[Data provided]
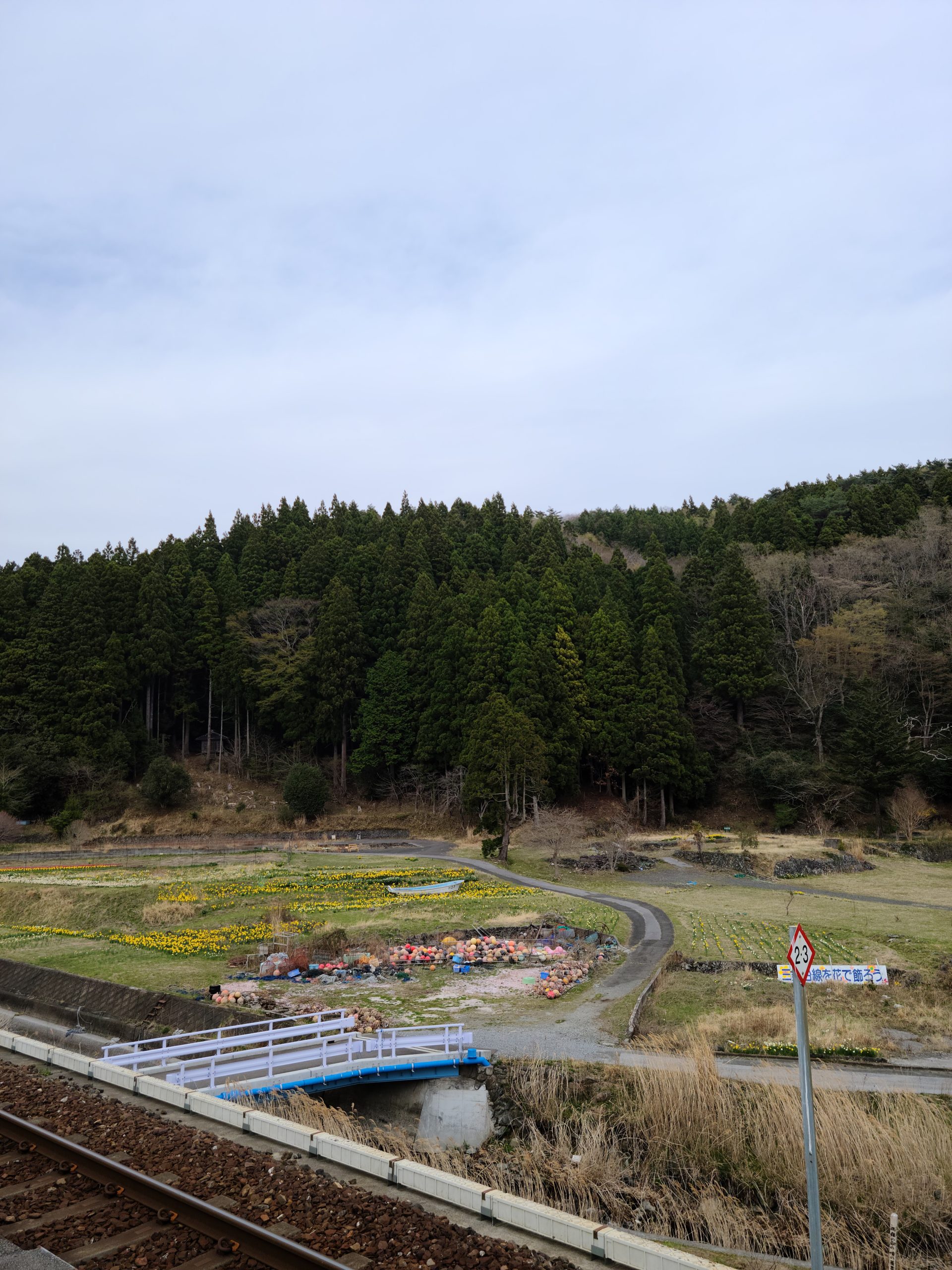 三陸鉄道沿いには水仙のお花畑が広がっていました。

...

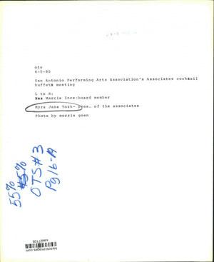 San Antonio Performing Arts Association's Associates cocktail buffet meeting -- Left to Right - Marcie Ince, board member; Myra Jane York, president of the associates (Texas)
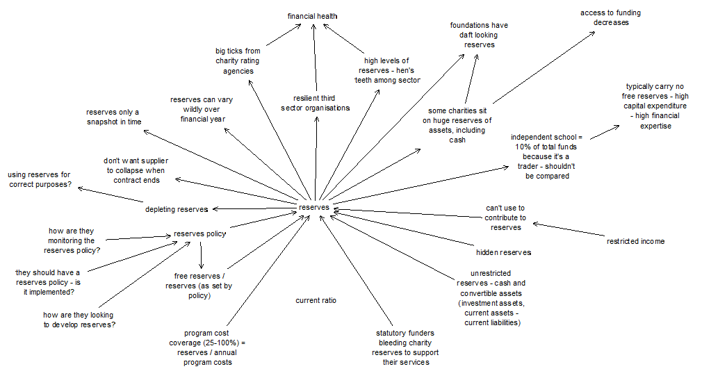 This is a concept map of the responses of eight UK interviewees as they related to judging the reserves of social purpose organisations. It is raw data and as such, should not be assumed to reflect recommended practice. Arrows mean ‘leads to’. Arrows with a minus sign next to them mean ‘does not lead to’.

---

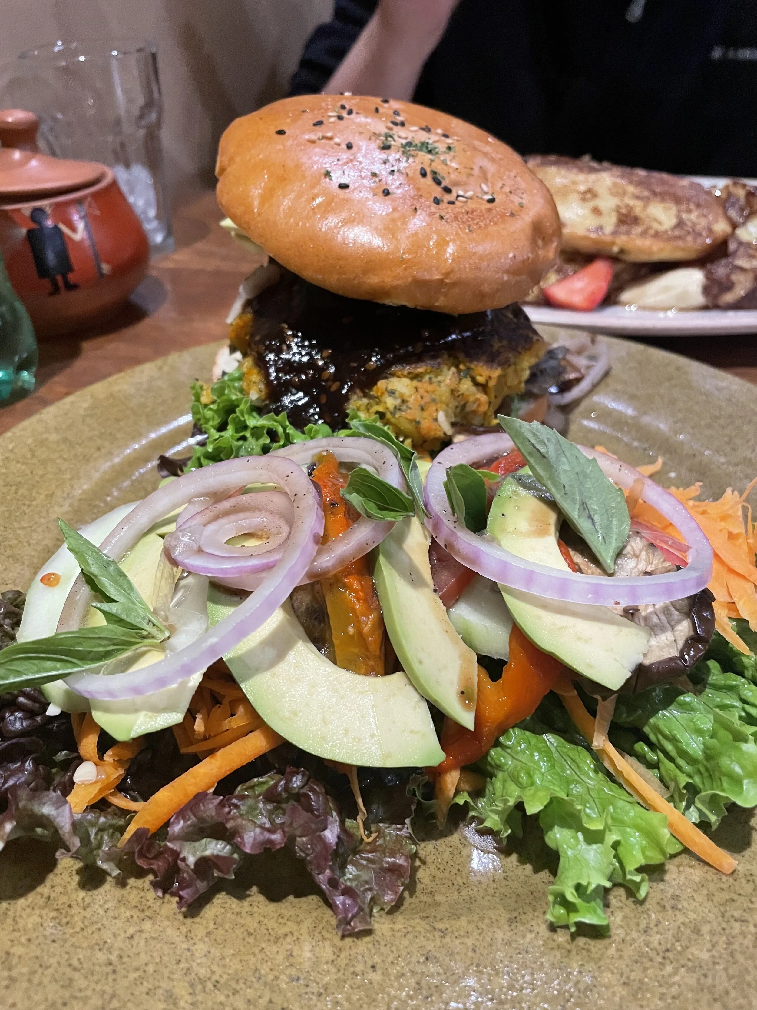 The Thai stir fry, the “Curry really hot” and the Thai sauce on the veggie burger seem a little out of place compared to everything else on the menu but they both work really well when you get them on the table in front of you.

[Assignment]
Both the line above containing "San Antonio Performing" and the line containing "This is a concept" belong in the copy, along with every line between them; print these exactly and omit the pictures.

[Task solution]
 San Antonio Performing Arts Association's Associates cocktail buffet meeting -- Left to Right - Marcie Ince, board member; Myra Jane York, president of the associates (Texas)
 This is a concept map of the responses of eight UK interviewees as they related to judging the reserves of social purpose organisations. It is raw data and as such, should not be assumed to reflect recommended practice. Arrows mean ‘leads to’. Arrows with a minus sign next to them mean ‘does not lead to’.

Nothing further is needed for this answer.